Here’s a run-down of the psychology of color.

  • Black: considered to a serious color.  Usually is representative of any subject that is exclusively serious.  It usually revolves around death.  Invokes feelings of seriousness, gloomy, and despair.
  • White: considered to be a color of purity, cleanliness, and impartiality.  It can be thought of as a clean slate and new beginnings.  White bears no judgement.
  • Grey: thought to be a color that represents mediocrity.  It is not a moving color.  It is absolutely uninspiring.
  • Red: is considered to be a color that represents aggression and anger.  Think of the bullfighters holding the red drape.  The bull naturally feels aggression when seeing the color red.
  • Orange: is a vibrant color and typically represents change.  Orange is a color that is found most in the fall.  It is the color of pumpkins in the harvest, and leaves falling from trees.
  • Yellow: thought of as a joyful color.  Yellow is the color of the sun, and the light that it brings into this world.  The sun brings warmth, and is necessary for plants to grow.  It is considered a high energy color full of happiness.
  • Green: is thought of as an intelligent color.  Green is the color of money, but also the color of plants.  It is often representative of fertility and luck.
  • Blue: considered a color of serenity.  Blue occurs naturally in the world as the largest entities.  The sky is blue.  The oceans are blue.  Many people don’t realize that the water represents the fluidity of our emotions.  Blue water is calm water.  It is healing for the mind in nature.
  • Purple: is a regal color.  The robes of kings and queens were made from precious and rare indigo dye.  It represents wisdom, respect, and stimulates the brain for problem solving.
  • Brown: thought of as a stable color.  It is the color of the very earth we walk on.  It is reliable and constant.

As you may have noticed, my banner changed.  The banner was a hand-crafted graphic of hand selected clocks.  Each clock represents a frame of mind.  And every clock represents the seconds that are passing in our lives, during this very moment.

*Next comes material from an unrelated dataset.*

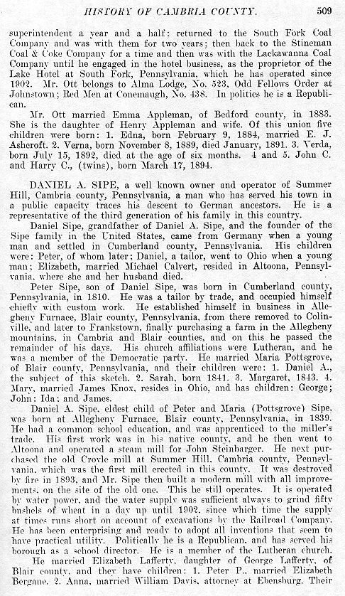 Daniel A. Sipe, eldest child of Peter and Maria (Pottsgrove) Sipe, was born at Allegheny Furnace, Blair county, Pennsylvania, in 1839. He had a common school education, and was apprenticed to the miller's trade. His first work was in his native county, and he then went to Altoona and operated a steam mill for John Steinbarger. He next purchased the old Croyle mill at Summer Hill, Cambria county, Pennsylvania, which was the first mill erected in this county. It was destroyed by fire in 1893, and Mr. Sipe then built a modern mill with all improvements, on the site of the old one. This he still operates. It is operated by water power, and the water supply was sufficient always to grind fifty bushels of wheat in a day up until 1902, since which time the supply at times runs short on account of excavations by the Railroad Company. He has been enterprising and ready to adopt all inventions that seem to have practical utility. Politically he is a Republican, and has served his boroough as a school director. He is a member of the Lutheran church.

As the Pendulum Swings is a term that represents a number of ideas and concepts.  First and foremost, it represents the swinging of a pendulum in relation to the nature of bipolar disorder.  For every swing in one direction, I experience a swing in the opposite direction.  Whether they are long swings, or short swings, the pendulum will never stop until I am dead.

As the Pendulum Swings is also a play off of Edgar Allan Poe’s “The Pit and the Pendulum”.  If you are interested, the link will take you to the entire text for your reading pleasure.  Poe’s writings have always resonated with me, even as a young teen.  There was something in there that seemed to describe my very nature.  I felt the title of my blog was an appropriate reference to this work.

And finally, As the Pendulum Swings represents the swinging of the pendulum as it ticks our lives away.  Each swing is a second we have either gained for ourselves, or forever lost in the folds of the fabric of time.  It is a constant reminder that we should be constantly aware of our precious mortality.  Our physical lives are actually not exclusively owned. Rather, they are on lease, and we cannot be sure when that lease will expire.  We may lose our mortal flesh, but our souls are ours to keep.

What will you gain today from your mortal seconds to assimilate into your undying soul?